Taking the derivative of this with respect to sigma^2 and setting = 0:

-(N/2)*(1/sigma^2) + 1/(2*sigma^4)* sum[i = 1 to N] (Xi - Ui)^2/Ti = 0

sigma^2 = (1/N)*sum[i = 1 to N](Xi – Ui)^2/Ti

Note the similarity of this result to the standard definition of variance for sessions of equal duration. The only differences are that each term inside the sum is divided by the session duration Ti, and the constant mean u has been replaced with Ui which depends on the duration of each session. If the sessions are of equal length, Ti becomes a constant T which can be removed from the sum, and the sum would be divided by NT which is the total number of hours in N sessions.

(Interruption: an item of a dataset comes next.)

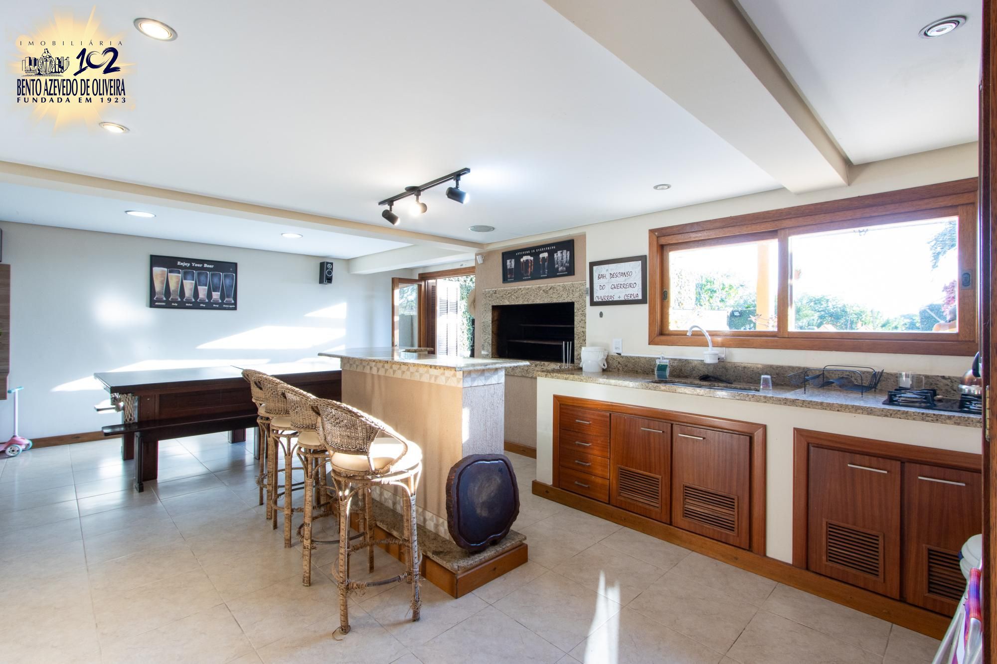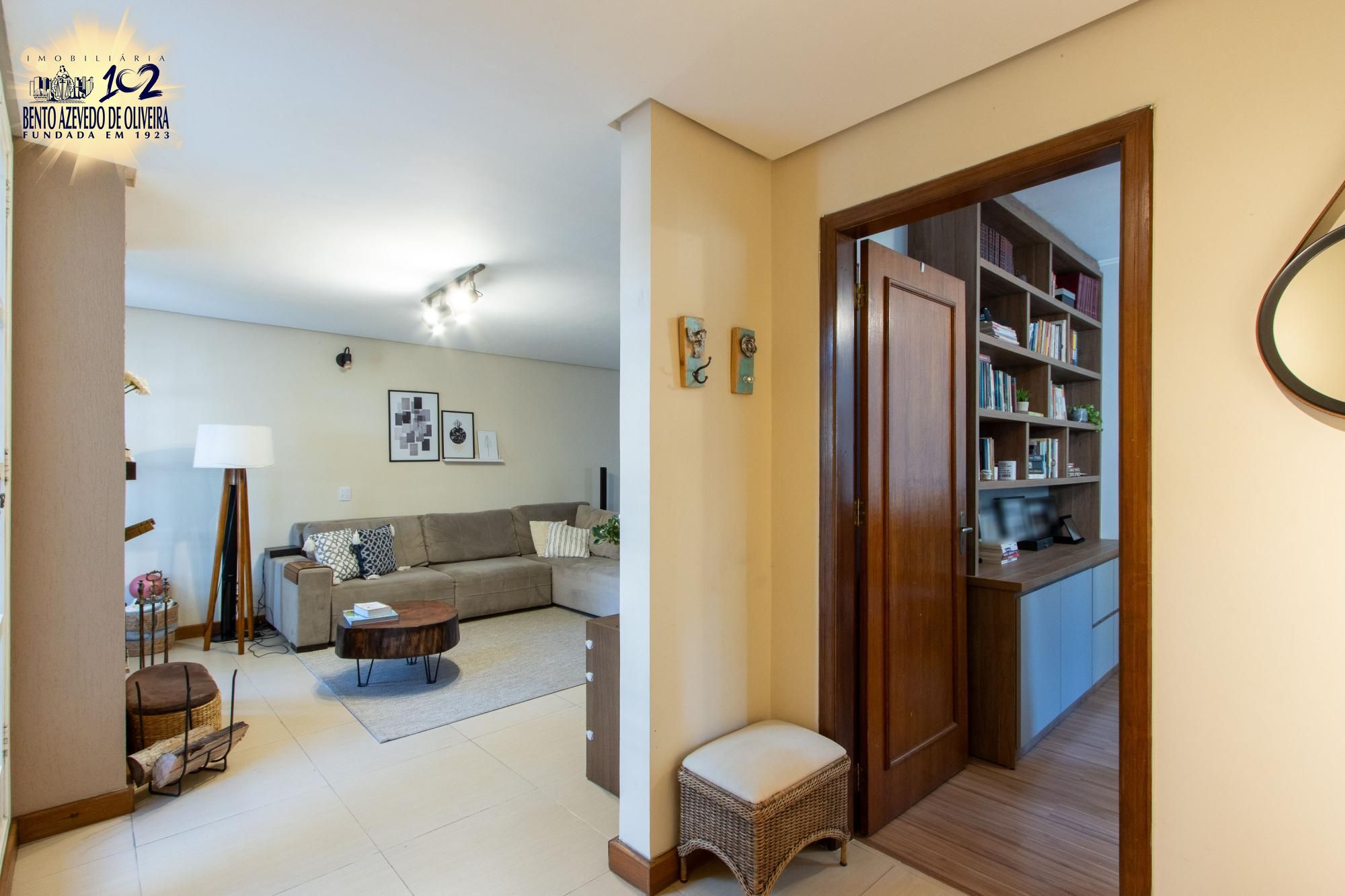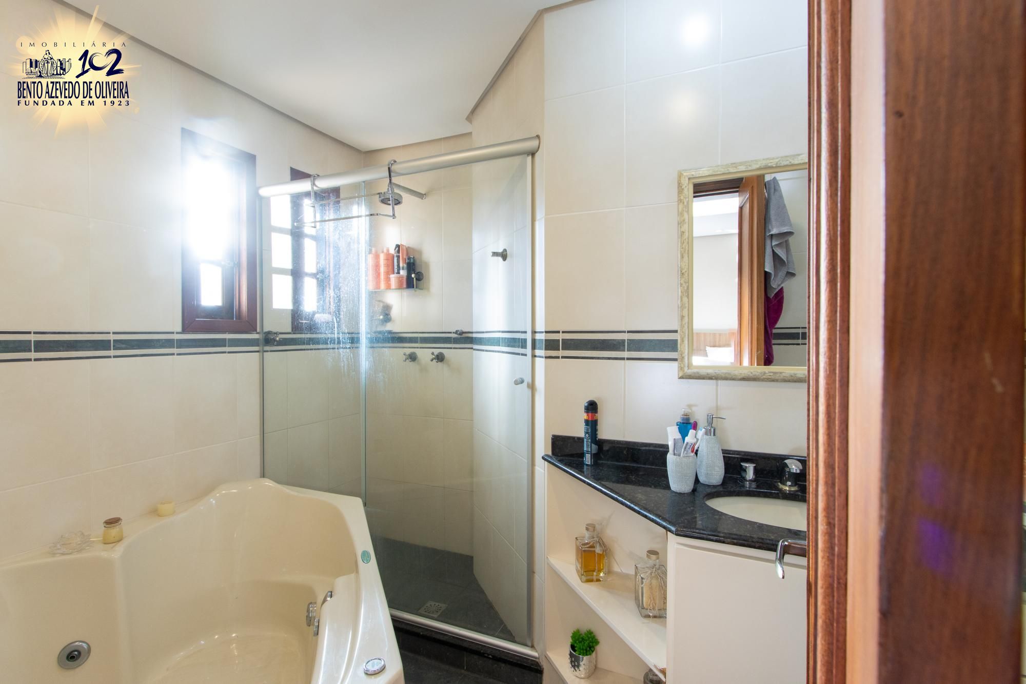 Living para tres ambientes com lareira, 03 amplas suítes, sendo 01 com banheira de hidromassagem, lavabo, gabinete, copa-cozinha, jardim de inverno, espaço gourmet com churrasqueira, banheiro social, adega, área de serviço e pátio com piscina.
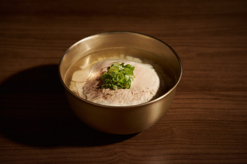 韓国の伝統的なスープであるコムタンは、⽜⾁、⾻、内臓をじっくり煮込んだものが⼀般的。豚⾁のスープは「クッパプ」と呼ばれ、しっかりとした味とのバランスをとるために唐⾟⼦ソースがよく使われています。⼀⽅オクドンシクでは、豚ウデ⾁と⾹⾟野菜をじっくり煮込んだ独特のすっきりとしたスープが特徴。スープの味付けは塩のみで、デリケートな豚⾁の⾵味を引き⽴て、⼀般的に⾻や内臓の部分を含む重いクッパとは⼀線を画します。薄くスライスされた無塩豚⾁がご飯の上にのせられ、⾷べる直前に 75〜80℃の最適な温度に保たれた熱いスープに静かに浸した状態で提供されます。

To put this in the form found in Mason’s essay, expand the square, and break this into 3 sums:

sigma^2 = (1/N)*sum[i = 1 to N] Xi^2/Ti + (1/N)*sum[i = 1 to N] -2*XiUi/Ti + (1/N)*sum[i = 1 to N] Ui^2/Ti

Since Ui = u*Ti,

sigma^2 = (1/N)*sum[i = 1 to N] Xi^2/Ti + (1/N)*(-2u)*sum[i = 1 to N] Xi +
(1/N)*u^2*sum[i = 1 to N] Ti

Now since sum[i = 1 to N] Xi is the sum of the session results, this is the same as the hourly rate u times the total hours, or u* sum[i = 1 to N] Ti, so the second term is
(1/N)*-2u^2* sum[i = 1 to N] Ti . This can be combined with the final term to give Mason’s form:

sigma^2 = (1/N)*sum[i = 1 to N] Xi^2/Ti – (u^2/N)* sum[i = 1 to N] Ti.